“It is very important to me that my ideas be understood. It is not as important that I be understood” - Gil Scott-Heron
What I find immensely frustrating is people missing my point then hyper-focusing on that missed point. That reeks of disrespect during what would otherwise be meaningful exchanges, my friend.
Perhaps my short height beacons like a call for help hence all men within range clamor over themselves to give me advice and talk down to me. If height was indeed proportional to competence, then I’m afraid to inform many of you of your severe underperformance.
I wonder if it is the envy of liberation, intellectual freedom, artistic authenticity or spiritual maturity that disturbs others enough to lecture without prompt, impose narrow perspectives and dead ideologies, and project immature insecurities.
They are anxious about my behaviors and motivations. They endure shame and fear - on my behalf - over my thoughts and actions. The Eyes linger on my work for cracks to pour unwanted opinion into.
And in this way, they undermine my discipline, craft and growth. They trigger violent responses by insulting my intelligence. They impede a walk that which is my birthright. While they do not, cannot, know my pain, grief and trauma; my history, my burdens. Neither my ecstasy, imagination nor cunning.

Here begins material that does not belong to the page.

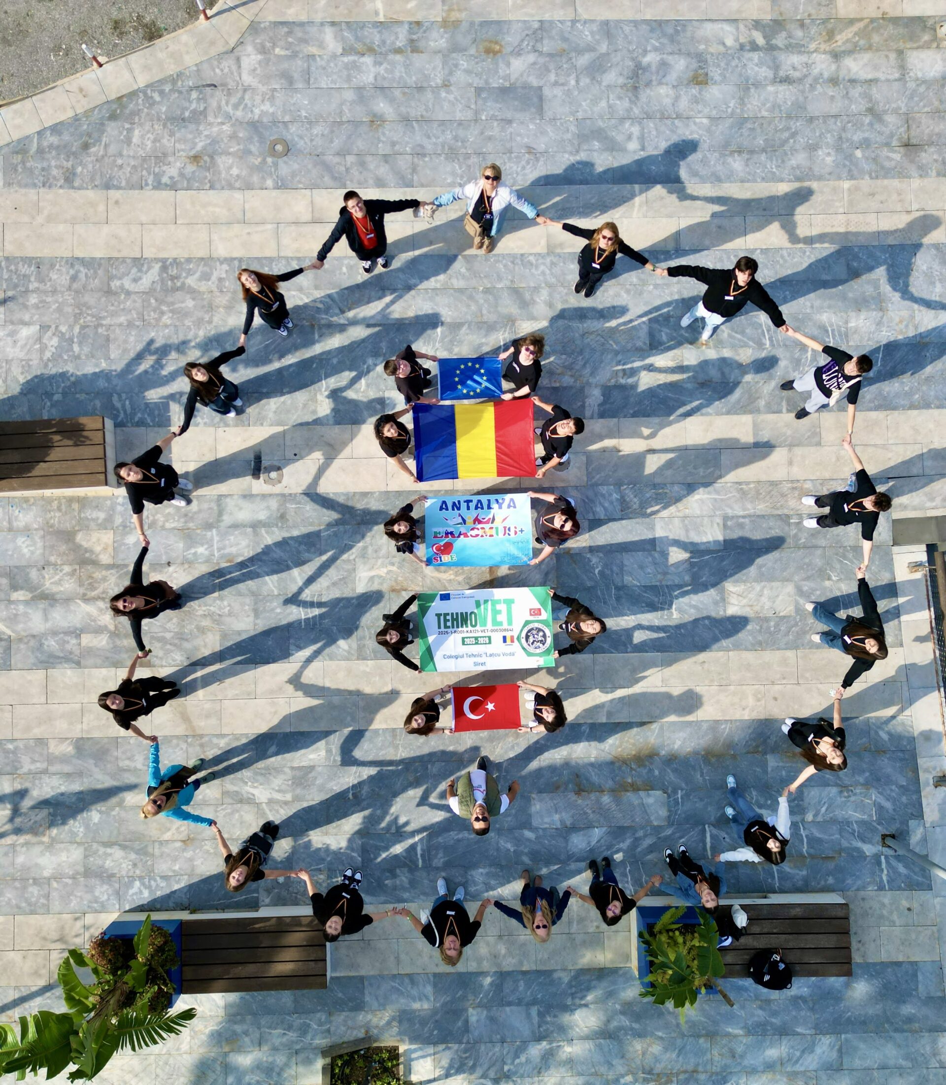 În perioada 23 noiembrie – 6 decembrie 2025, unul dintre cele mai mari grupuri de participanți Erasmus+ ai colegiului nostru au participat la stagii de instruire practică în străinătate. 24 de elevi din clasa a 11-a, specializarea matematică informatică și tehnician în industria textilă au parcurs un program de formare profesională specifică fiecărei specializări, stagiile de practică desfășurându-se în Manavgat-Antalya, Turcia. Pentru specializarea informatică, dintre competentele dobândite putem enumera: capacitatea de a utiliza caracteristici specifice procesării datelor structurate, construirea de soluții pentru probleme simple, rezolvate folosind metode de programare, aplicarea creativă a metodelor de programare pentru a rezolva probleme intradisciplinare sau interdisciplinare, prelucrare media, imprimare 3D, design grafic. Grupul de la calificarea profesională tehnician în industria textilă a desfășurat activități care au urmărit identificarea elementelor de asigurare a calității care corespund principalelor etape ale producției textile, efectuarea activități specifice de control al calității în principalele etape de fabricație a produselor textile, identificarea defectele care pot apărea în diferite faze ale proceselor de fabricație, specifice locului de muncă, realizarea produse textile specifice locului de muncă cu respectarea parametrilor tehnologici și de calitate, realizare sigle personalizate inserate pe produsele textile. Toți elevii au beneficiat și de vizitele culturale în împrejurimi, dobândind cunoștințe directe despre istoria, frumusețea locurilor, gastronomia și valorile culturale turcești. Astfel elevii Colegiului Tehnic „Lațcu Vodă” Siret devin cetățeni europeni mai deschiși, adaptabili și mai pregătiți pentru un mediu de lucru internațional.

My motivations of love and excellence appear strange to them, foreign. Victory does not seem to be a language they know how to speak. They cannot decouple ego from greater-good. Thus they pigeonhole people, attempting to quantity them in measures of subjective ignorance and unresolved neuroses.
This sickens me. I can feel myself being forced in the three or four boxes people have for other people (in relation to themselves); my complex, multi-faceted soul forced into limiting social spaces triggering a spiritual asthma to match my literal condition. I resist and detest this cultural assault. I push back their rush and closed-mindedness.

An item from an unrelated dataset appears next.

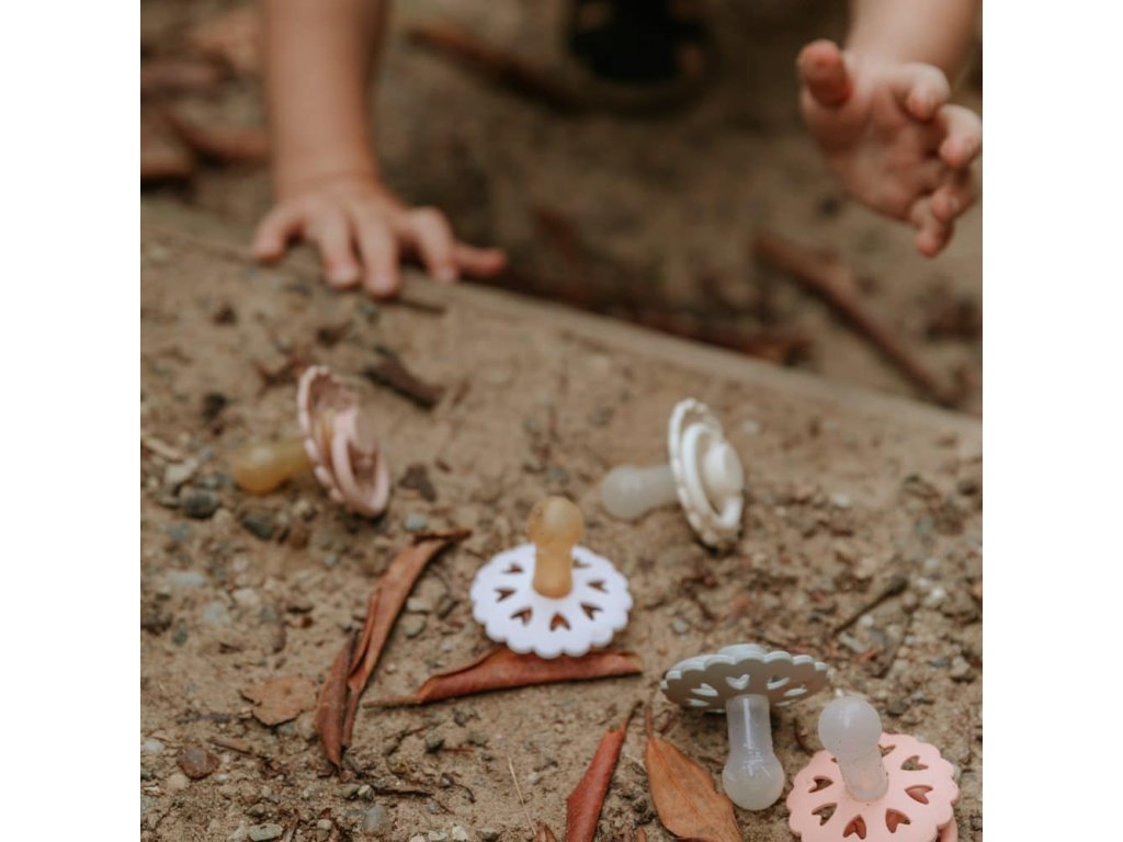- 1 ks okrúhly cumlík FRIGG Fairytale vo farbe: The Show Queen (White Lilac)

My mind is my great asset. I value my experience, intuition and hard-won wisdom. It is fair of me to ask, quid pro quo, for others not to undermine my intelligence and rather to bear witness to its complementary, ever-evolving commitment to discipleship and awareness. Plus my relentless ability to reflect, relate and roll-forward. Appreciate my humility and take my support, freely given.
Perhaps you cannot see these things because they are not in you.
The greatest victim in all this is my own remarkable recovery; the grace of all those wonderful souls who exercised compassion towards me, whose collective efforts built me up while - it often felt like - every cruel force in this world was upon those I love.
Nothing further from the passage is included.